Resolving Magento Extension Conflicts

Posted by: Karen Tuesday, November 23rd, 2010


What are extension conflicts?

One of the biggest problems we see as Magento matures is extension conflicts. This is where you have or more extensions effectively replacing the same core files in Magento. If you see an extension that uses the word “<rewrite>” in it’s config.xml file be aware that you may hit conflicts with other extensions.

There isn’t an easy way around extension conflicts. You could argue that better programming will work – e.g. by using Observers, taking advantage of source and backend models, writing your own MVC to sit alongside core Magento, etc. But my experience has shown that there are scenarios where you just need a re-write, especially where you are directly manipulating core functionality.

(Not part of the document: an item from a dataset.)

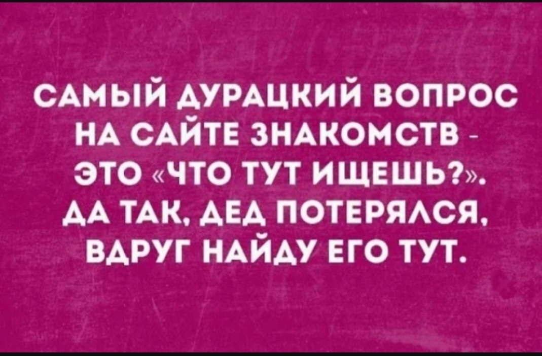 Сказ о том , как Жанна сходила на сайт знакомств. Сидела женщина скучала Решила сайт знакомств посетить. Такое себе развлечение, но а вдруг. Где ещё повстречать мужчину ? Непередаваемые ощущения. Там собрались три категории граждан мужского пола. Мне как человеку наблюдающему, стало любопытно пообщаться с каждой из них. Возможно , мои впечатления поверхностны. Но , как говорится, какое место , такие и впечатления. Если выдержу там хотя бы сутки, поставлю себе зачёт. Два часа назад создала там аккаунт и уже нестерпимое желание его грохнуть. Налетели ж на свежак. Обнять и плакать, но мы поржем. Итак 1 категория Им пофиг на фильтр возраста , тупо лайкают и потом сидят в засаде, ждут что ты кинешься на молодое туловище. 2 категория Сидельцы старожилы Эти сразу пишут тебе сексуализированые приветствия. Типа, че зря время терять, удиви меня. На обычные фразы , а поговорить, или прежде чем ты удивишься, может пообщаемся , у них не срабатывает мозг полностью.Зато срабатывает лобн

Many extensions will never have extension conflict problems. These include standard shipping extensions and payment modules. This is because the Magento architecture is such that they just plug in as an add-on – they aren’t interfering with the core code.

It’s worth pointing out that you may also get conflicts around the theme side, for instance if one extension replaces a step in one page checkout and another also does then you have isses. I’m concentrating here on PHP extension conflicts.

How do I identify extension conflicts?

There is a great extension(!) that will go through all your extensions looking for conflicts. This can be found here.

WebShopApps offer a modified version of this which works on Enterprise editions of Magento – we produced for a customer so thought may aswell release. More info here.

For theme conflicts there isnt a tool I know of to detect these, it comes down to good old concentration!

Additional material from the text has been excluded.